# General > Doanalsin's Diary >  Fit's in 'e Coorier 'e day

## Nwicker60

Caithness Courier headlines for January 29, 2014

A BID to make part of Caithness eligible for government-backed road fuel discounts has spluttered to a halt.  Politicians and business leaders had welcome the inclusion of the Halkirk postcode area among seven additional areas, in line to benefit from a 5p a litre cut in petrol and diesel.  But the reaction to the announcement at the end of last week has been tempered after it emerged the sole fuel outlet in the village wound up last month.

POLICE are re-investigating the circumstances of the death of a young man whose body was found near his village home in Caithness over four months ago.  Officers were in Lybster yesterday as part of their renewed probe into the death of Stefan Sutherland, who was discovered on the shoreline at Occumster, just north of Lybster.  At the time, Police Scotland said there were no suspicious circumstances surrounding the tragedy.  But officers were seen yesterday visiting a house in Shelligoe Road which was the last place Stefan was seen alive.

A LOCAL woman, who has lost 20 stones in the last four years, is calling for more to be done to help Scotland shed its title as the second fattest nation in the world.  Jennifer Bodek said more needs to be done by NHS Highland and the Scottish Government to tackle obesity before the situation becomes an epidemic.  To help overweight locals, Mrs Bodek (49) has launched a free-diet club in Thurso and also operates the Diet or Die helpline from her home in Scrabster to help people from across the UK and further afield.

PLANS are being mooted to allow grants from commercial wind farm ventures to be used on Caithness-wide projects rather than just the local area in which the development is sited.  Community representatives have met to discuss how public funds, bankrolled by the schemes, – in line to top £2 million – can be used to benefit services in the entire county.

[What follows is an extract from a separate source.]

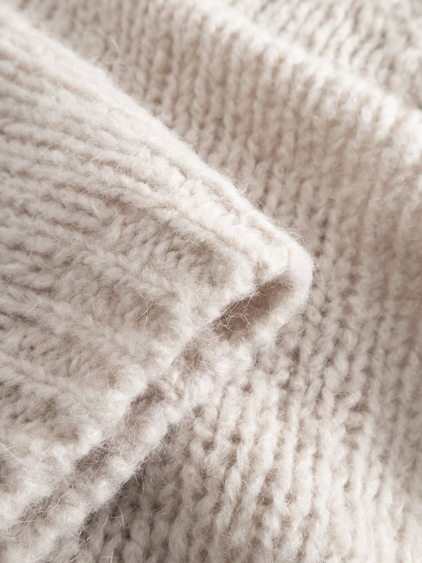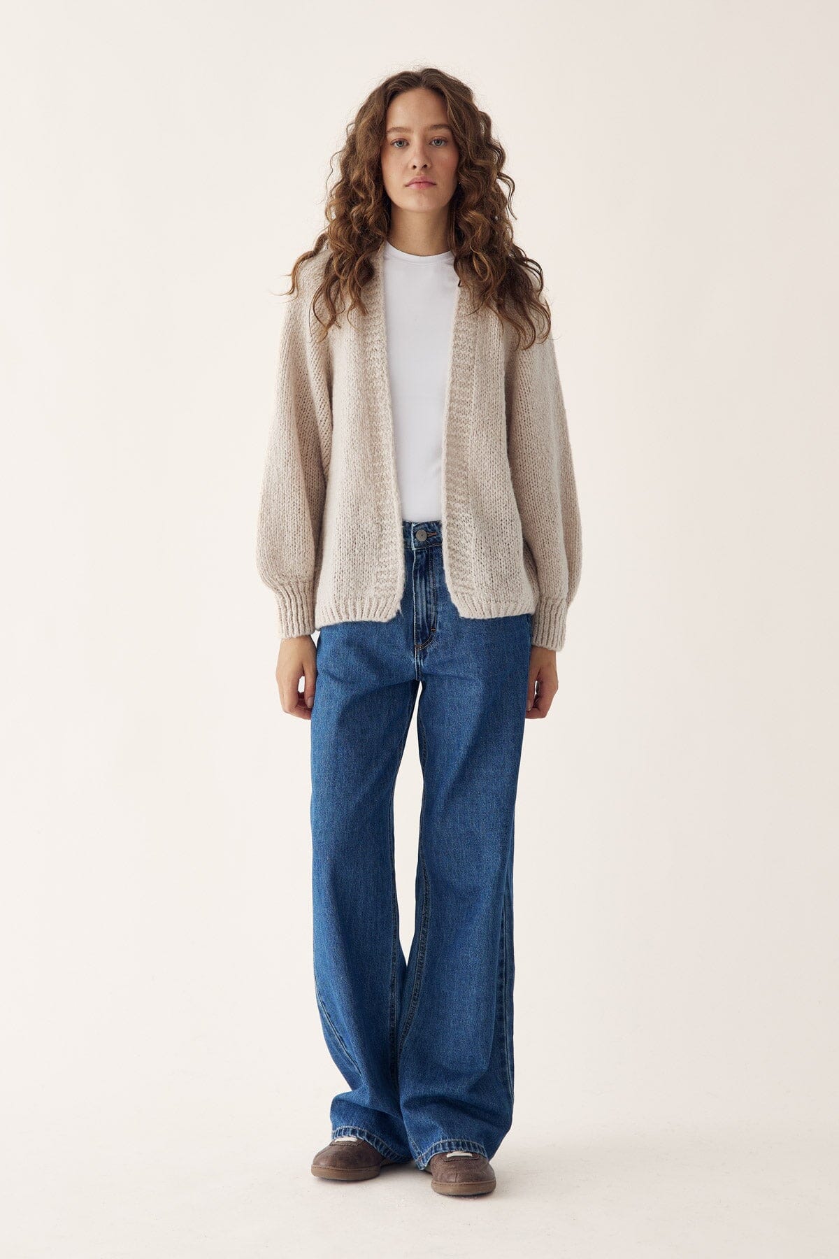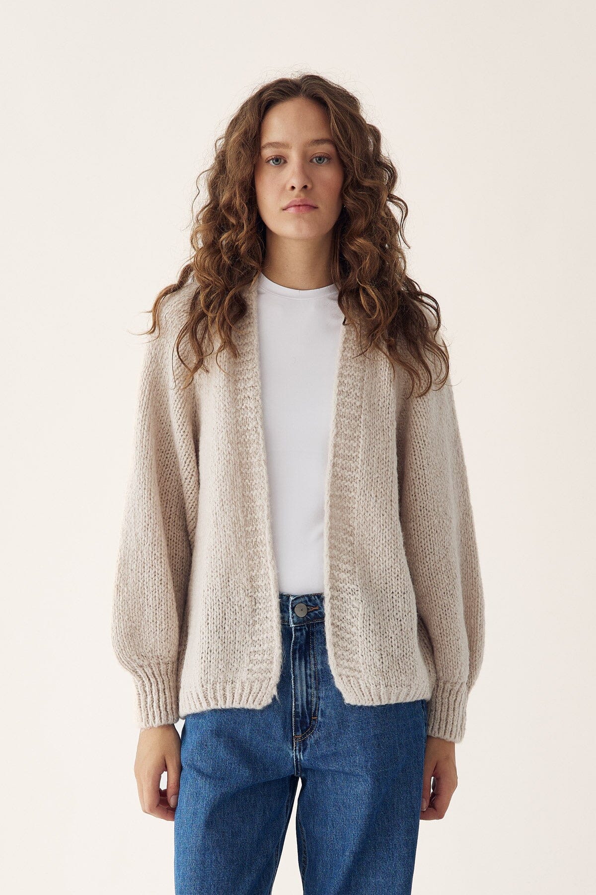 Sandfarvet cardigan fra Noella med chunky strik og V-hals. Den tykke strik giver både varme og karakter, mens den løse pasform skaber en afslappet silhuet.

THE Lib Dem leader on Highland council has angrily accused his SNP counterpart in the power-sharing coalition, of having a political “brass neck”.  David Alston, who is also the council’s depute leader, criticised the SNP’s Drew Hendry, the authority’s leader, about remarks he made following news about fire and police station closures last week.

THE death of John Farquhar Munro has robbed the Highlands of an old-school politician who put his constituents first and who intimidated party whips, says a long-time friend.  The former Highland Lib Dem MSP and councillor has dies at the age of 79 at his Lochalsh home following ill health.  He is survived by his wife Celia.

----------